3. McGowan v. Maryland (1961): Many states used to have laws regulating what stores could sell on Sunday. In 1961, two challenges to these “blue laws” reached the Supreme Court, one from Pennsylvania and one from Maryland.

Blue laws had never made much sense. Some commerce on Sunday is inevitable. Medicine and other health-related items could be sold, for example, as could Sunday newspapers, gas for cars and so on.

In Maryland, the law limited Sunday sales to food, medicine, gasoline and newspapers. Opponents argued that limiting sales on Sunday, the Christian Sabbath, violated church-state separation. They noted that blue laws were a throwback to the Puritan era.

Remarkably, the Supreme Court in McGowan disagreed. In an 8-1 ruling, the high court lamely asserted that blue laws, though they indeed originally had a religious purpose, had become secularized over the years. Their only purpose now, the court declared, was to provide a “day of rest” for weary retail workers. (Of course, many retail workers weren’t getting the day off. Lots of stores were open; they were just restricted in what they could sell.)

But even the court’s poor logic couldn’t save blue laws. The public wanted to shop on Sunday, and stores owners, eager for the extra profits, lobbied for change. Most states were only too happy to comply because they didn’t want to lose tax revenues to neighboring states that allowed Sunday shopping.

Blue laws began to fall. An echo of them still exists in some states where the sale of liquor is curtailed on Sunday or certain stores, such as auto dealerships, are closed.
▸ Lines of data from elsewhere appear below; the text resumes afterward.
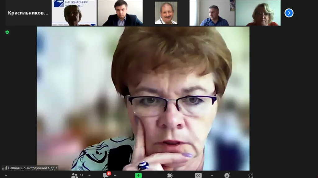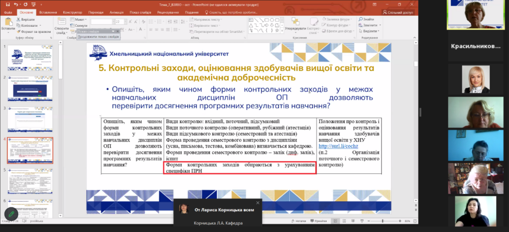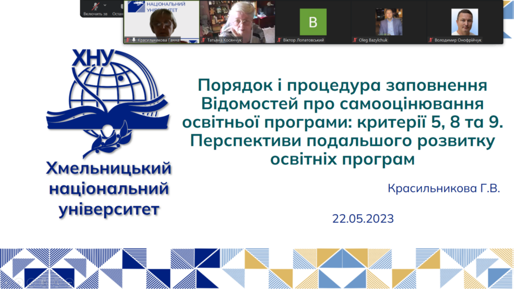 22 травня 2023 року відбулося чергове заняття для гарантів освітніх програм на тему «Порядок і процедура заповнення Відомостей про самооцінювання освітньої програми: критерії 5, 8 та 9. Перспективи подальшого розвитку ОП», яке провела завідувачка відділу забезпечення якості вищої освіти Хмельницького національного університету професорка Ганна КРАСИЛЬНИКОВА.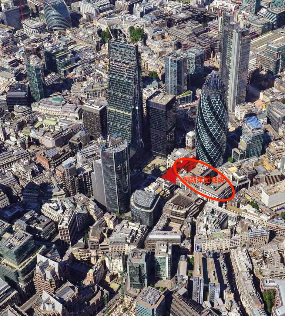 丽新集团早在2014年便开始有目的地收购英国金融城同一地段的三栋大楼: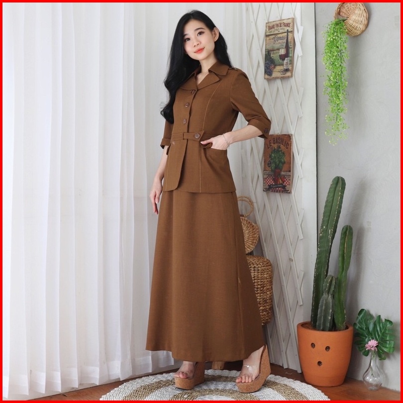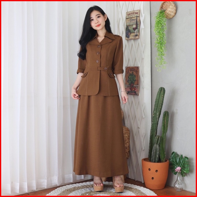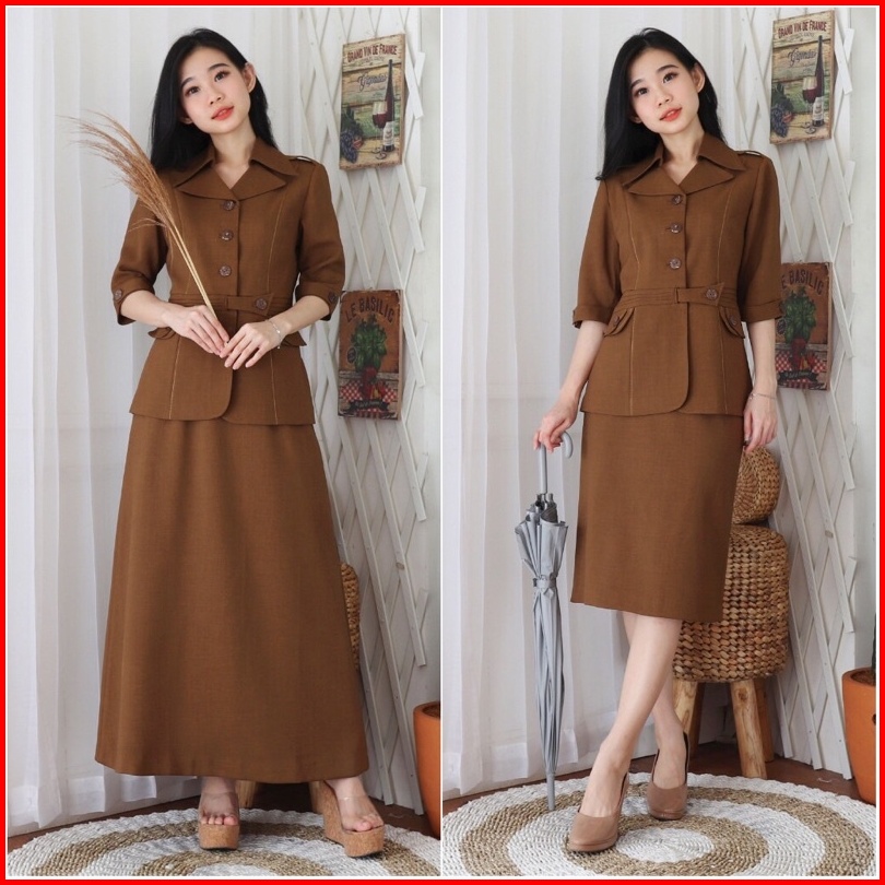 Seragam Pemda Jas Kerah Setelan Rok Pendek Kd 6601 Guru Asn Lengan3 4 Manset Pemda Aceh Khaki Tuax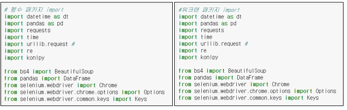 * selenium: 웹 브라우저를 제어하는 패키지. 유투브 화면 클릭, 스크롤 제어 등에 사용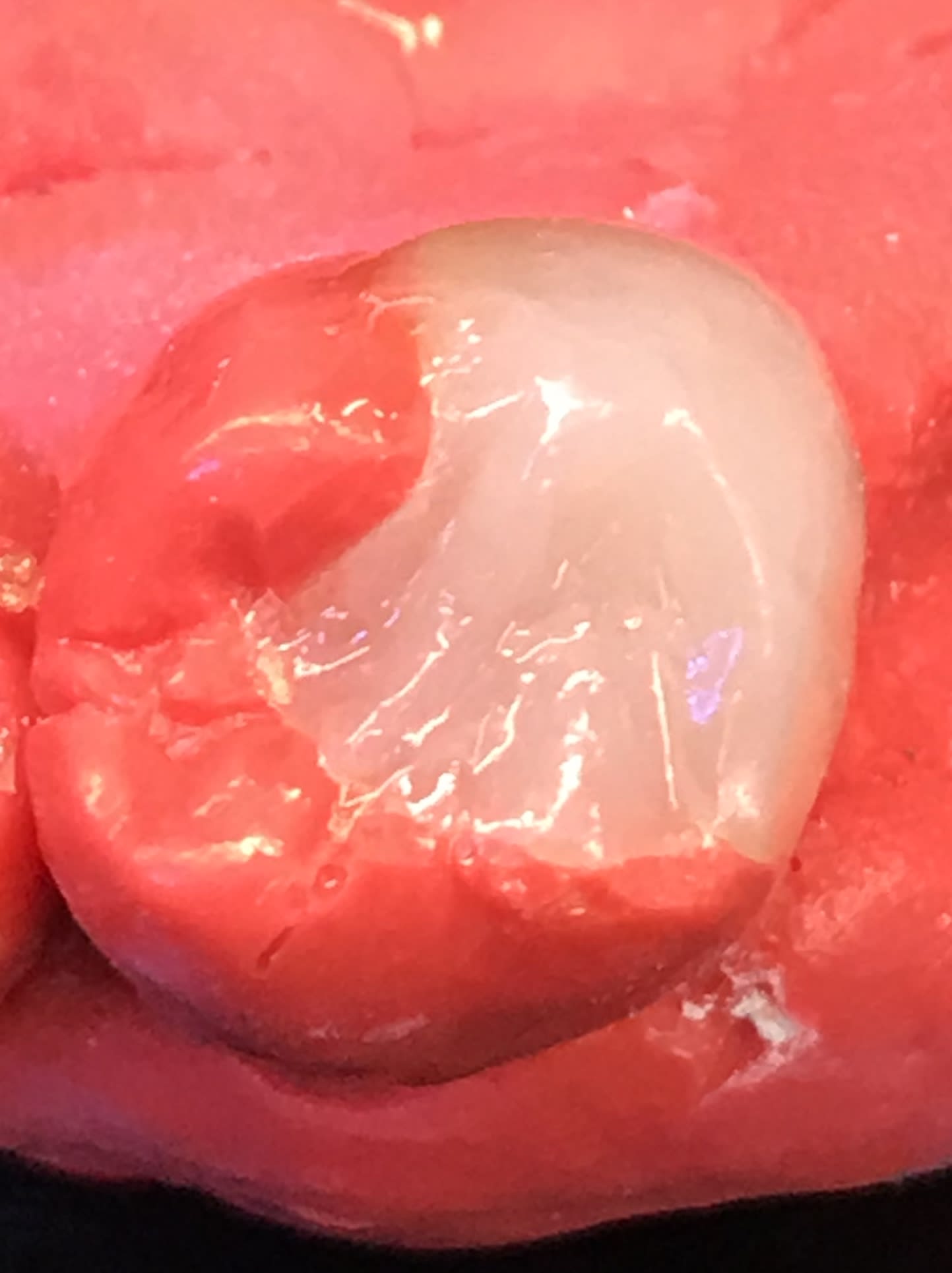 Le montage de l’onlay comme ça c’est 5 min. Et le silicone rouge c’est une prise rapide.

4. Marsh v. Chambers (1983): If you’ve ever wondered why the House of Representatives, Senate and many state legislative bodies open their deliberations with prayers you need look no further than a 1983 Supreme Court decision called Marsh v. Chambers.

In Marsh, a legislator in Nebraska’s unicameral legislature sued over the practice of paying a chaplain to recite daily prayers. On the surface, it looked like an easy case, since government was not only endorsing prayer but paying for it.
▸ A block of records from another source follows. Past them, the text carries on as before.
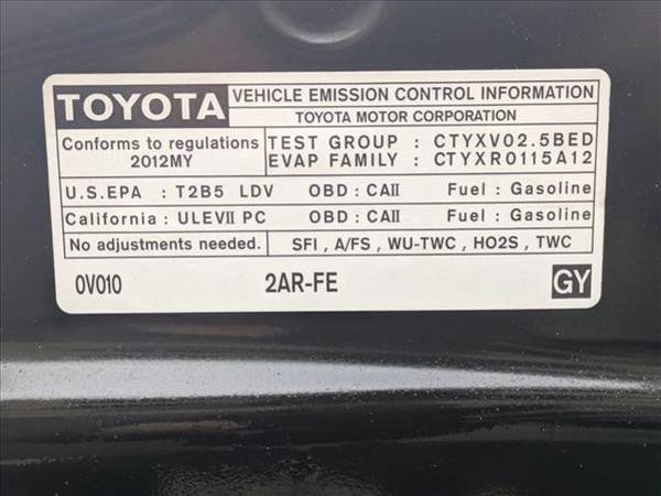 * 8-Way Pwr Driver Seat * Rear Spoiler * 50 State Ulev2 Emissions * Black; Fabric Seat TrimThis vehicle includes a Money-Back Guarantee* and passed our precise inspection process. Best of all the price you see is the price you pay. No haggling. No back and forth. No pressure. And this price is so good it is guaranteed.Contact BMW of Carlsbad today for information on dozens of vehicles like this 2012 Toyota Camry SE. The greater your fuel-efficiency, the less your carbon footprint. And with exceptional MPGs, this Toyota Camry treads ever so lightly on Mother Earth. One of the best things about this Toyota Camry is that it has low, low mileage. It's ready for you to truly break it in. Look no further, you have found exactly what you've been looking for. More information about the 2012 Toyota Camry: The Toyota Camry has been America's top selling passenger car for the past nine years, and for good reason, as it's known for providing its owners with comfort, economy and long service. But in 2012, the sensible Camry gets some styling updates to make it even more appealing to buyers and the Hybrid model gains a significant amount of horsepower as well. It's well-suited against midsize segment rivals thanks to a reputation for quality and value per dollar. Strengths of this model include ride quality and V6 and hybrid versions available, impressive interior space*Money-Back Guarantee is valid for 5 days or 250 miles, whichever comes first. Subject to certain terms and conditions. See store for details. Some restrictions apply.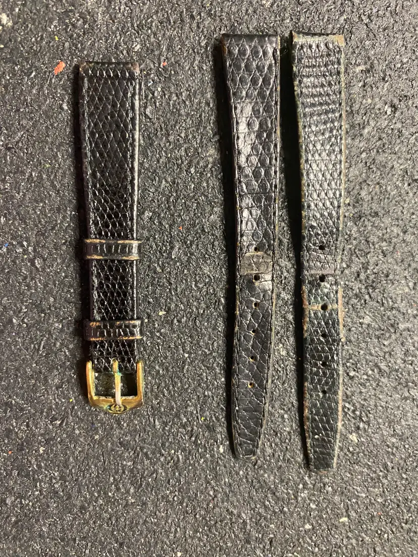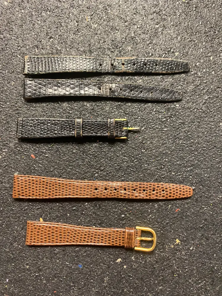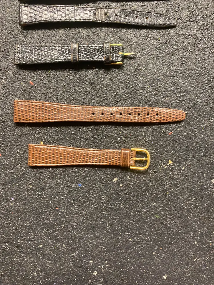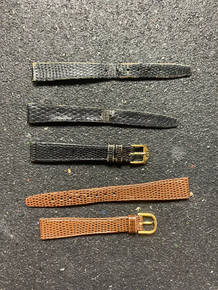 Black snake or lizard skin Gucci 1 1/2 sets bands and one set brown lizard grain hirsch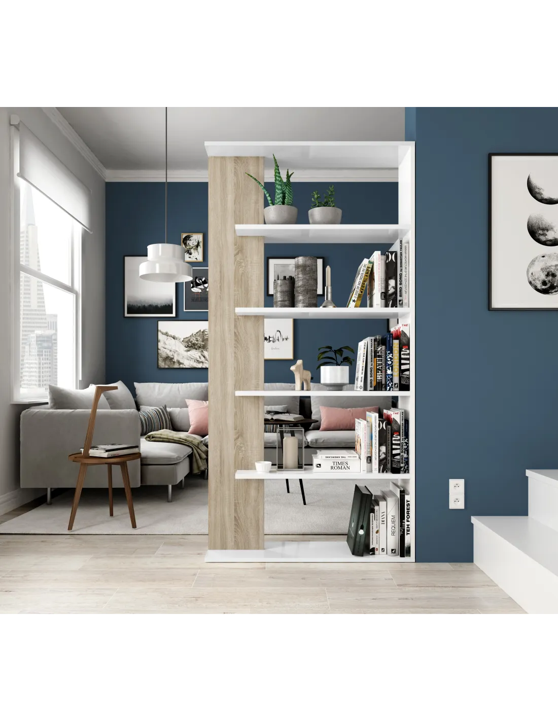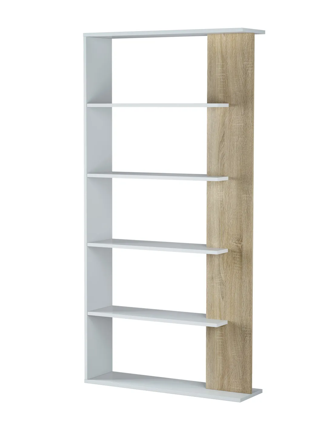 Estantería LORAS alta con 5 estantes, perfecta para organizar libros y objetos decorativos en salón, dormitorio o despacho.

The Supreme Court, however, ruled 6-3 that Nebraska’s practice was constitutional. The justices, it seems, were wary of making the ruling that the First Amendment demands: that taxpayer-paid religious ministers do not square with separation of church and state.

The high court dodged precedent and instead asserted that government chaplains have a long history in the United States and are thus traditional. The majority pointed out that the first Continental Congress had appointed state-funded chaplains, and thus no constitutional violation was found.
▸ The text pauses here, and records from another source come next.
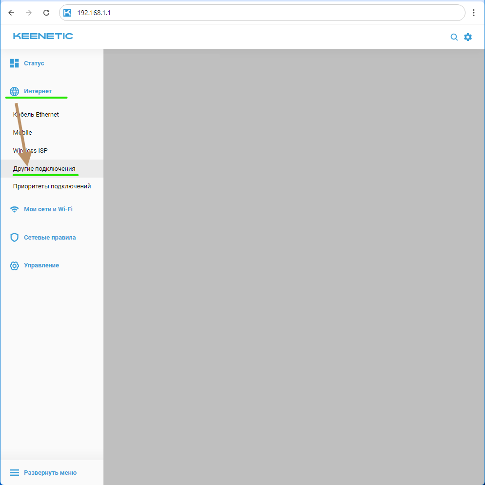 Теперь вам нужно вернуться к настройкам роутера и перейти в раздел "Интернет" и выбрать "Другие подключения".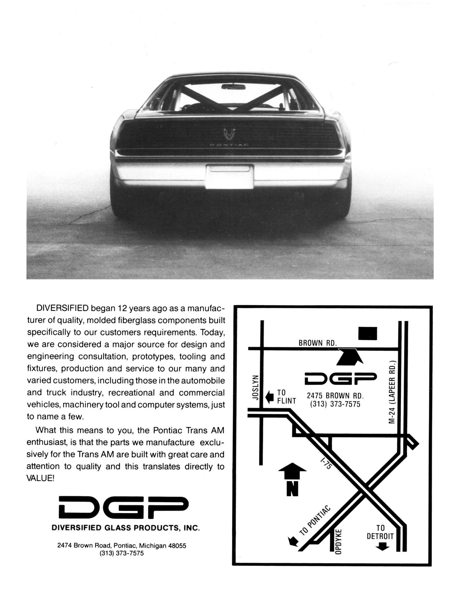 I get that this is an ancient thread, but I've found some interesting info on the DGP kit for folks skulking about here (like me). The brochure includes dimensions for anyone looking to take a swing at reproducing the pieces. It may be there was no spoiler on the car in the Pontiac Performance Plus article, instead a reflection of the sky in the paintwork that gave the impression of something on the trunk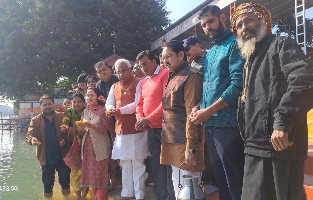 हरिद्वार। उत्तरकाशी के सिलक्यारा में निर्माणाधीन सुरंग में फंसे 41 श्रमिकों की सकुशल वापसी पर भाजपा कार्यकर्ताओं ने विधायक मदन कौशिक के नेतृत्व में अग्रसेन घाट पर मां गंगा का दुग्धाभिषेक किया। विधायक मदन कौशिक ने कहा कि सिलक्यारा में सुरंग में फंसे श्रमिकों की सकुशल वापसी का श्रेय राज्य के मुख्यमंत्री पुष्कर सिंह धामी और देश के प्रधानमंत्री नरेंद्र मोदी को जाता है।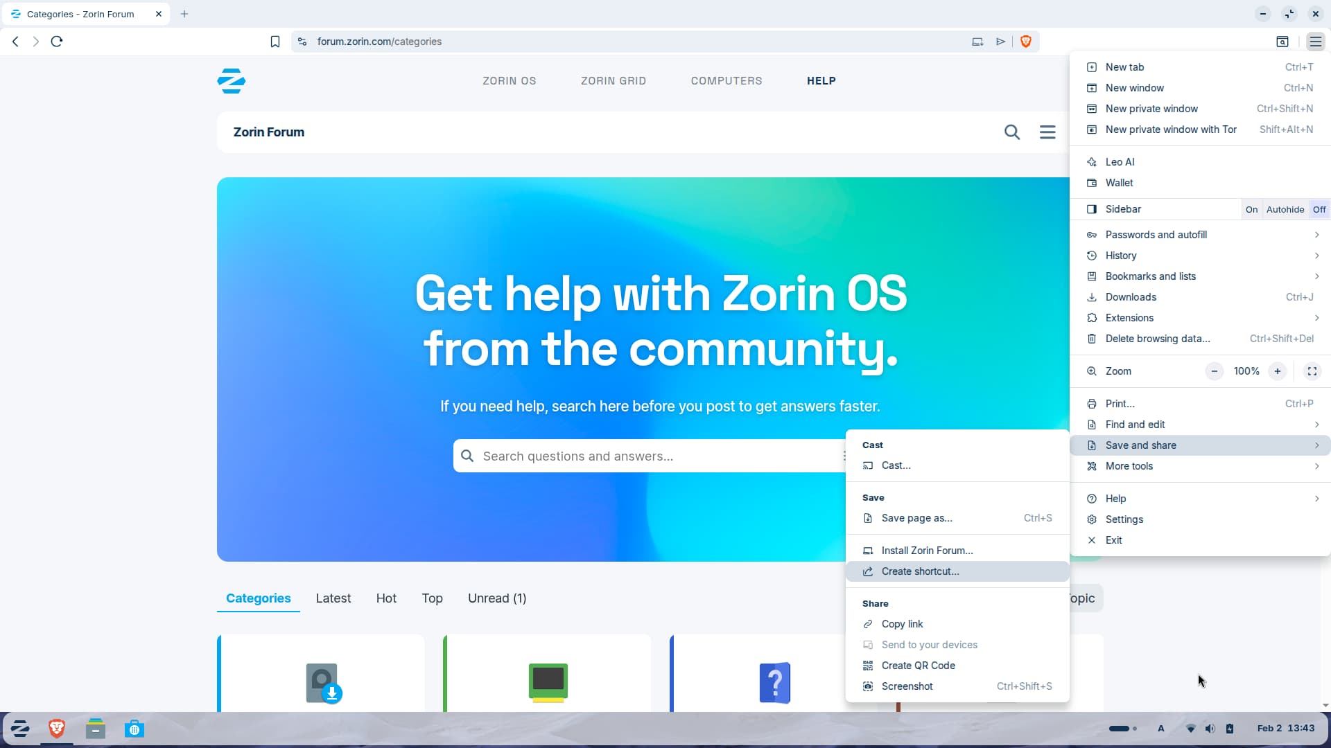 Open the website you want to add, e.g. Zorin forum. Click on the Hamburger menu (three lines) at the top right side. Select "Save and share", then "create shortcut".

The justices did not consider that perhaps the first Congress had got it wrong. After all, an early Congress passed a “Sedition Act” that punished newspaper editors for speaking ill of government officials – an obviously unconstitutional bill.

Justice William Brennan was not taken in. In his dissent, Brennan pointed out that founding father James Madison opposed state-funded legislative chaplains, concluded that the practice had been unconstitutional all along and was not saved by its long history. He argued that the first Congress had acted more out of political concerns than respect for the Constitution some of them had helped draft.